National Day of Action PDF Print E-mail
Monday, 27 August 2007

The Freedom of Expression Network (FXN) will be hosting its first National Day of Action with events across four provinces on Thursday, 30 August 2007 to raise awareness and build solidarity against repression and how the Regulation of Gatherings Act has been manipulated in an attempt to silence poor and other marginalized groups. Scores of organizations will join hands in solidarity on the 30th of August against attempts to intimidate, harass, victimize, unlawfully arrest and torture protesters. These actions by the state are unacceptable violations of our human rights, enshrined in our nation's constitution. 

The Network, facilitated by the Freedom of Expression Institute (FXI), is a nationwide collective of social movements, residents associations, NGOs, and other civil society organisations that seeks to unite social movements and other organisations around issues of state repression and criminalization of dissent.

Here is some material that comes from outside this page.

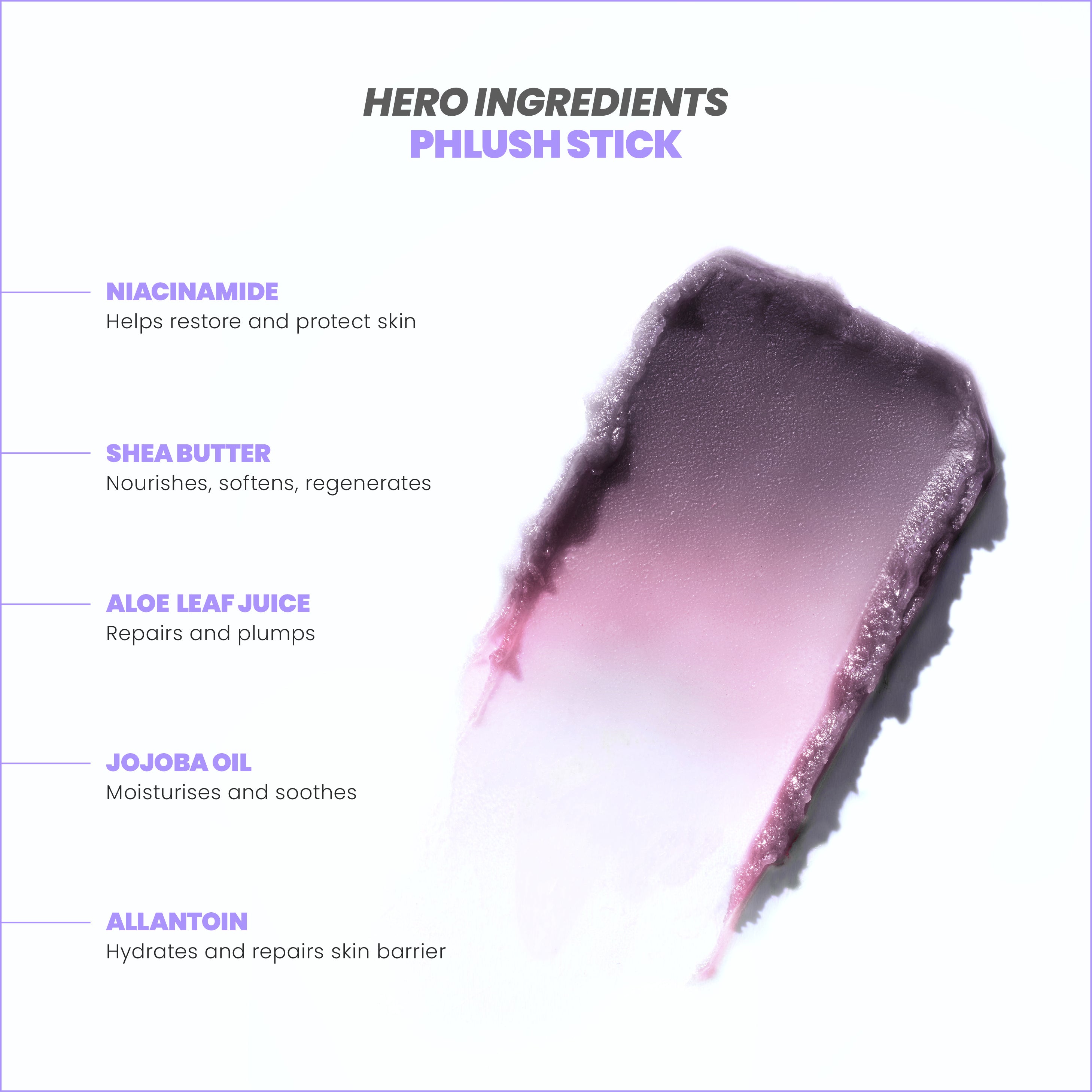 Our PHLUSH Stick is made from a specific blend of natural waxes and oils, creating a cool, nourishing, smooth, easy- glide application. The Stick formula is infused with encapsulated ‘skin reacting’ pigments to provide a natural flush to where applied as well as a complex of skincare ingredients to treat the skin.

The 30th of August was chosen as Anti-Repression Day in commemoration of the late Teboho Mkhonza who was shot dead at age 17 during police violence at a protest in Harrismith, Ntabazwe in 2004.  Yet whether it is in Sebokeng or Soweto, Mamelodi or Middleburg, Kennedy Rd (Durban) or Khayelitsha, people of South Africa are facing greater and greater threats as they attempt to exercise their basic right to speak out.

The events in the four provinces are as follows:

  • Gauteng: Participants from communities all over Johannesburg will be marching from the FXI Offices in Braamfontein to the Gauteng Legislature building in the city centre to deliver a memorandum to MEC for Community Safety Firoz Cachalia to express their concerns over increasing police repression in the face of service-delivery protests and other civil society action. Marchers will convene at 11am at the corner of Station and De Korte Streets, Braamfontein before proceeding to the Legislature for delivery of the memorandum at 1pm.
  • Western Cape: Participants from various Cape Town communities will stage a march to Parliament to hand a memorandum to Minister of Safety and Security Charles Nqakula expressing their concerns over similar acts of police repression there. Marchers will convene at 11am at Keizergracht before proceeding to the Parliament for delivery of the memorandum at 1pm.
  • KwaZulu-Natal: Participants from the Durban area will be convening to hold a press conference on police repression before delivering a memorandum to a local police station outlining grievances concerning recent police brutality, particularly against shack-dwellers.
  • Free State: Participants from various parts of the Free State will convene in Harrismith to commemorate the death of Teboho Mkhonza and stand together against continuing harassment and intimidation of civil society in that region.